This time, the culprit is Jorgo Chatzimarkakis, who has been in the news recently quite a bit because he is half Greek, half German and has therefore repeatedly been asked to explain what's going on in Greece to German TV audiences. I found him to be quite an affable fellow, especially because he openly says he holds both passports; Germany officially does not allow double citizenship, but in practice foreigners are not allowed to keep their passports when they become German – there are practically no checks of whether someone with a German passport has or gets another.
Anyway, this guy really takes the cake with his dissertation. In the chart you see, the blue stuff at the beginning and end is the intro and bibliography, which are not checked for plagiarism. In the rest, the white stuff is where no plagiarism was found. As of this morning, plagiarism had been found on 72 percent of this guy's dissertation, and all of the red stuff is pages that were more than 75 percent plagiarized.
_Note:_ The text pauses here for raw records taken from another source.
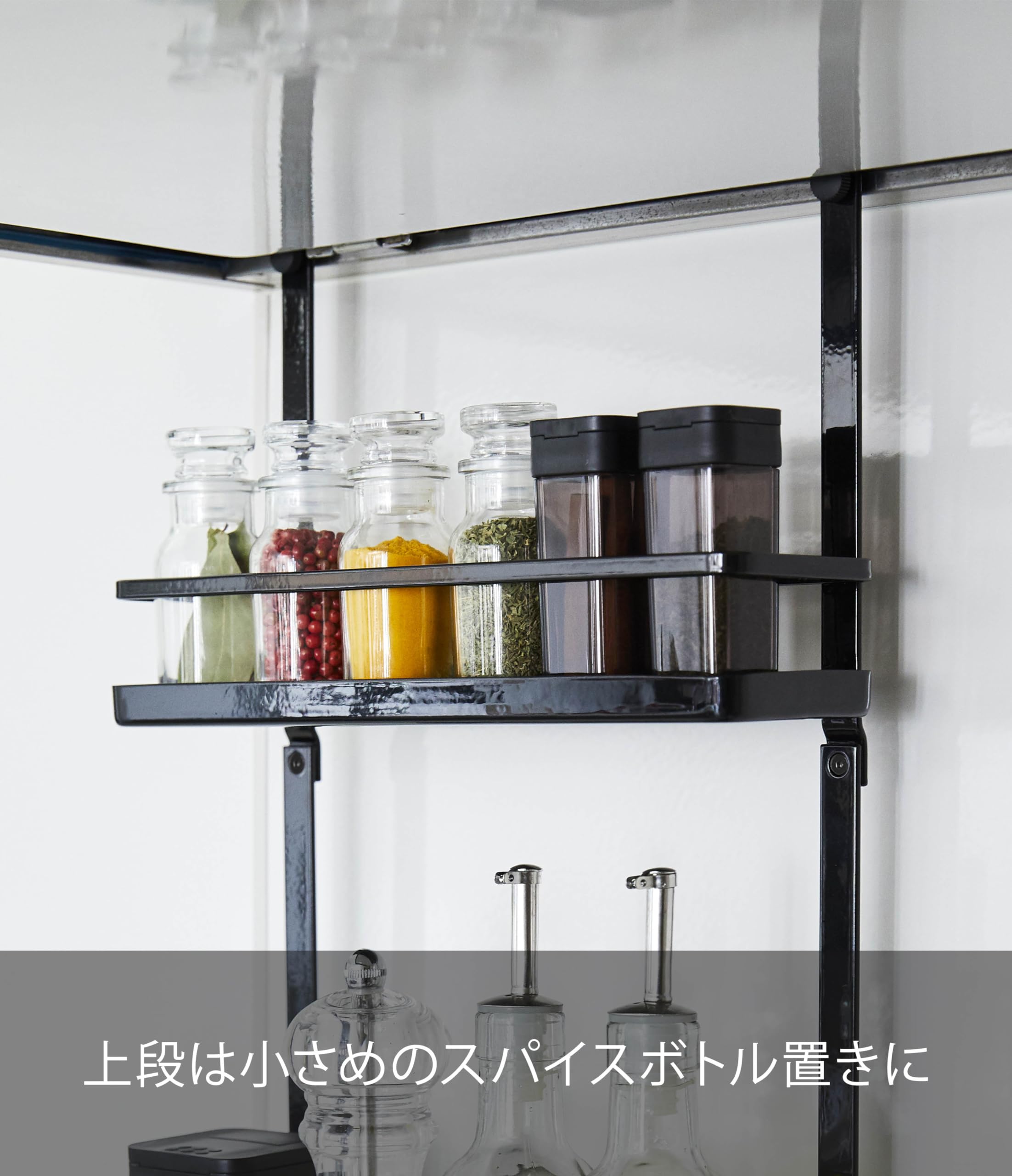 スパイスや調味料の収納スペースに!使いたいときにサッと使える便利な大容量3段ラック!塩・コショウ・オイルなど、よく使う調味料を手元に収納できるトレー。
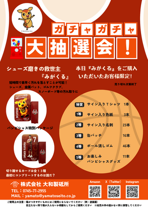ブースでは、同社製品の“シューズ磨きの救世主「みがくる」”のバンビシャス奈良特別パッケージバージョン(税込1,650円)が販売されます!この特別パッケージは、全13種類(ナイジェル・スパイクス選手を除く選手12名とシカッチェ)があり、カード部分を切り離せば選手カードとして楽しめますので、ぜひ13種類をコンプリートしてください。さらに、こちらを購入すると、バンビシャス奈良グッズが当たる、ガチャガチャ大抽選会に参加することができます!
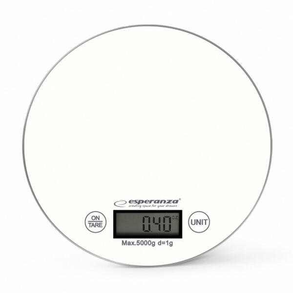 Leírás Rendkívül pontos, stílusos kialakítás, rendkívül vékony készülék tok, nagyméretu kijelzo a könnyebb használathoz. Alkalmas az összes száraz és folyékony összetevo és az élelmiszer mérlegelésére. Nagy pontosságú méréssel felszerelt. Érintogombok Maximá lis kapacitás: 5000 g Osztás: 1g Négy mértékegység: g / lb / oz / kg Tára funkció Túlterhelés jelzo
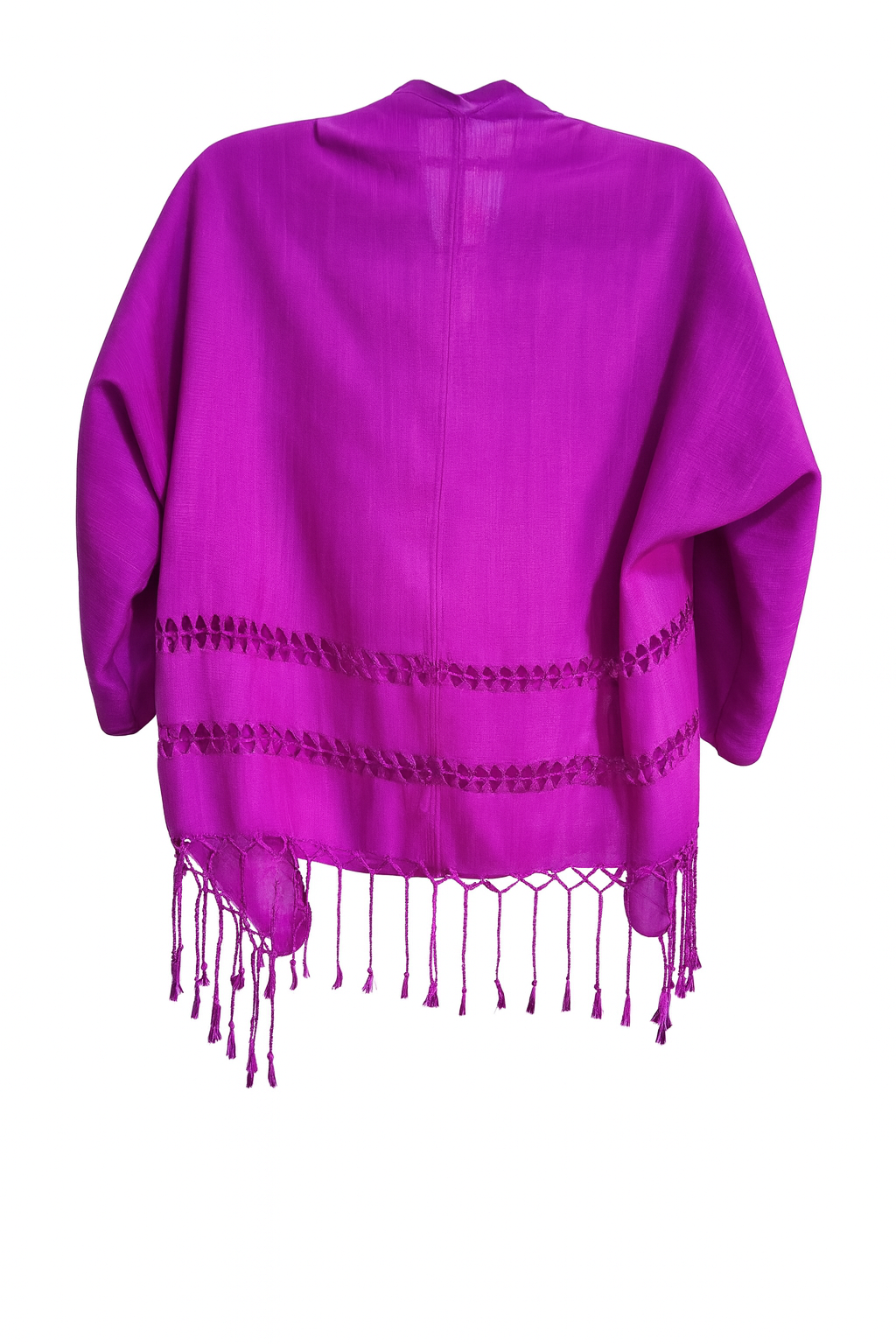 Blusa hecha con chalina de artisela, con escote columpio. Mangas 3/4 y puntas en la espalda
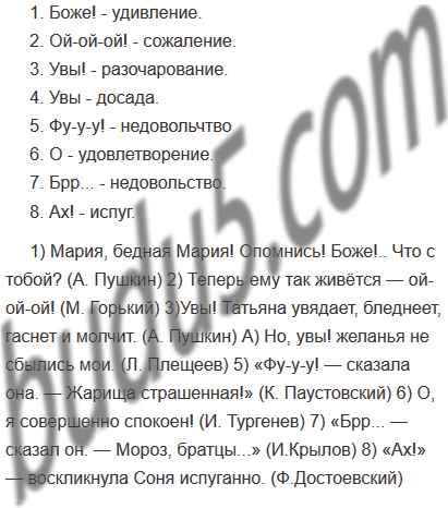 1) Мария, бедная Мария! Опомнись! Боже!.. Что с тобой? (А. Пушкин) 2) Теперь ему так живётся — ой-ой-ой! (М. Горький) 3)Увы! Татьяна увядает, бледнеет, гаснет и молчит. (А. Пушкин) А) Но, увы! желанья не сбылись мои. (Л. Плещеев) 5) «Фу-у-у! — сказала она. — Жарища страшенная!» (К. Паустовский) 6) 0, я совершенно спокоен! (И. Тургенев) 7) «Брр... — сказал он. — Мороз, братцы...» (И.Крылов) 8) «Ах!» — воскликнула Соня испуганно. (Ф.Достоевский)
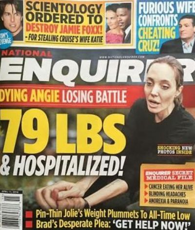 "National Enquirer" jurnalı aktrisa Ancelina Colinin ölüm ayağında olduğunu iddia edib.

He is expected to lose his doctorate officially in two weeks.
This from the party whose slogan is "Leistung muss sich lohnen" (performance should be rewarded).
On a similar note, his fellow FDP politician Koch-Mehrin, who also lost her doctorate, refuses to step down as a member of European Parliament, though she was forced to step down from the committee on research after a slew of German researchers said they refused to be represented by someone who had so obviously committed plagiarism. Otherwise, Koch-Mehrin is sticking to her position that her university did not catch her plagiarism when she submitted her dissertation and therefore has no right to take away her doctorate.
You have to admire her for her chutzpah.